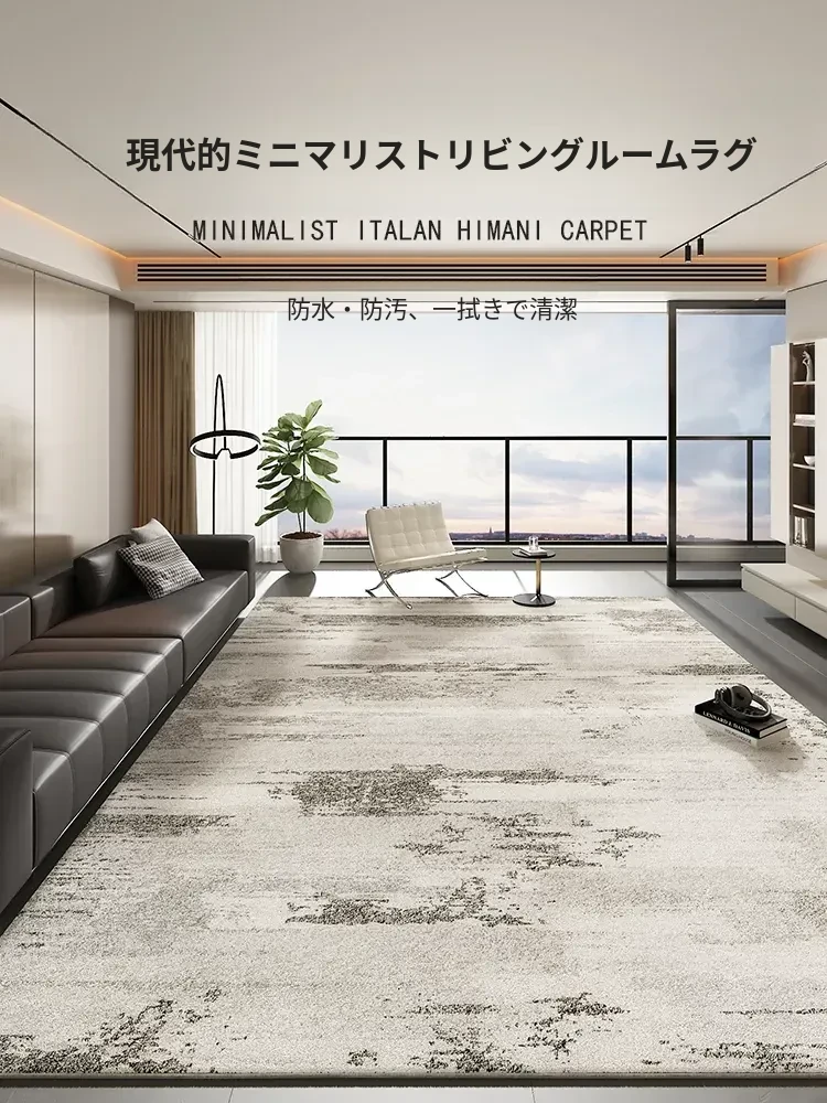 イタリアンミニマルデザインの防水&防汚ラグ - ソファやテーブルにぴったり!ふわふわの肌触りで、お手入れも簡単なベッドサイドマット。リビングや寝室に最適なアイテムです!
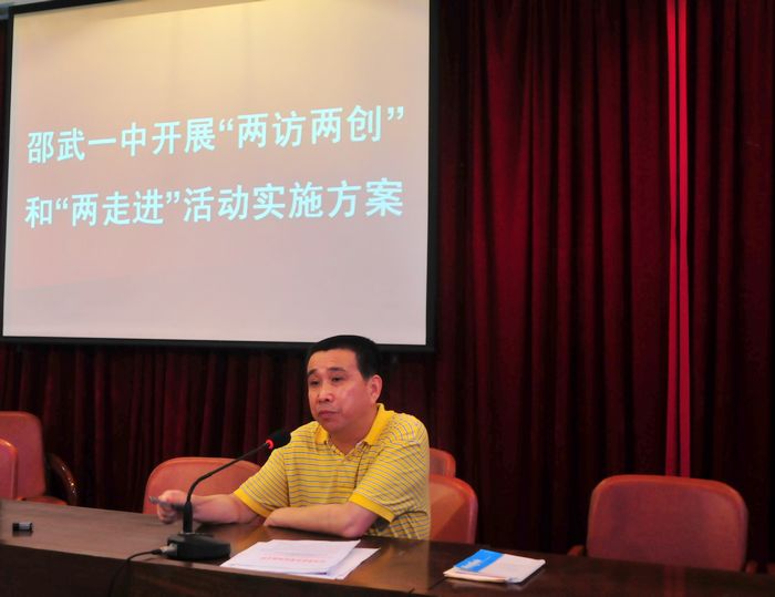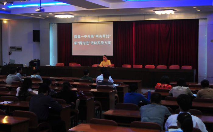 一中党委举办“两访两创”及“两走进”动员大会暨观看党员电教片活动 为加强学校党建工作,深化创先争优活动,9日邵武一中党委以“教师教书育人、学生成长成才”为主题召开“两访两创”及“两走进”动员大会。会上校党委决定通过学校领导、老师和家长三方的共同努力,通过以下活动达到家校联系更加密切,教师队伍更加团结,校园氛围更加和谐,创先争优不断深化的目的。一是加强学校领导与教师的访谈交流,密切领导与教师的关系。二是开展师生课堂以外的谈心活动,密切教师与学生的关系。三是密切教师与家长的关系。虚心听取学生家长们对课堂教学的评价和意见,不断增进互信,促进交流,增强实效。 会上全校党员教师还观看了《法官妈妈—詹红荔》以及《美丽的心灵,献给老师的歌—2011年教师节专题晚会》中为乡村教育事业奉献了年轻生命的曹瑾老师,她们的事迹深深感染了在场的每个人。
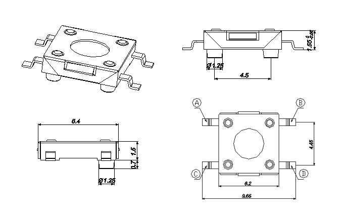 |  | | 型號規(guī)格:TSTP015系列 | 中文命名:1.5超薄定位平座輕觸開關(guān) |
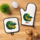 Siamese fighting fish cartoon illustration oven mitt & pot holder set
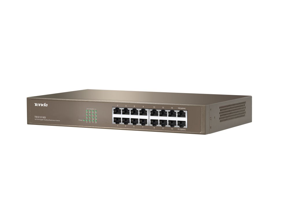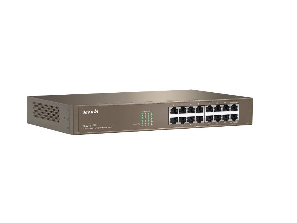 Tenda TEG1016D - 16x Gigabit Switch, Fanless-bez ventilátorov, Rackmount, ochrana proti prepätiu 75010017

++++

_Task directions_
Nothing in the records should be changed in the copy, but the pictures must be left out.

_Answer to the exercise_
 イタリアンミニマルデザインの防水&防汚ラグ - ソファやテーブルにぴったり!ふわふわの肌触りで、お手入れも簡単なベッドサイドマット。リビングや寝室に最適なアイテムです!
 一中党委举办“两访两创”及“两走进”动员大会暨观看党员电教片活动 为加强学校党建工作,深化创先争优活动,9日邵武一中党委以“教师教书育人、学生成长成才”为主题召开“两访两创”及“两走进”动员大会。会上校党委决定通过学校领导、老师和家长三方的共同努力,通过以下活动达到家校联系更加密切,教师队伍更加团结,校园氛围更加和谐,创先争优不断深化的目的。一是加强学校领导与教师的访谈交流,密切领导与教师的关系。二是开展师生课堂以外的谈心活动,密切教师与学生的关系。三是密切教师与家长的关系。虚心听取学生家长们对课堂教学的评价和意见,不断增进互信,促进交流,增强实效。 会上全校党员教师还观看了《法官妈妈—詹红荔》以及《美丽的心灵,献给老师的歌—2011年教师节专题晚会》中为乡村教育事业奉献了年轻生命的曹瑾老师,她们的事迹深深感染了在场的每个人。
 |  | | 型號規(guī)格:TSTP015系列 | 中文命名:1.5超薄定位平座輕觸開關(guān) |
 Siamese fighting fish cartoon illustration oven mitt & pot holder set
 Tenda TEG1016D - 16x Gigabit Switch, Fanless-bez ventilátorov, Rackmount, ochrana proti prepätiu 75010017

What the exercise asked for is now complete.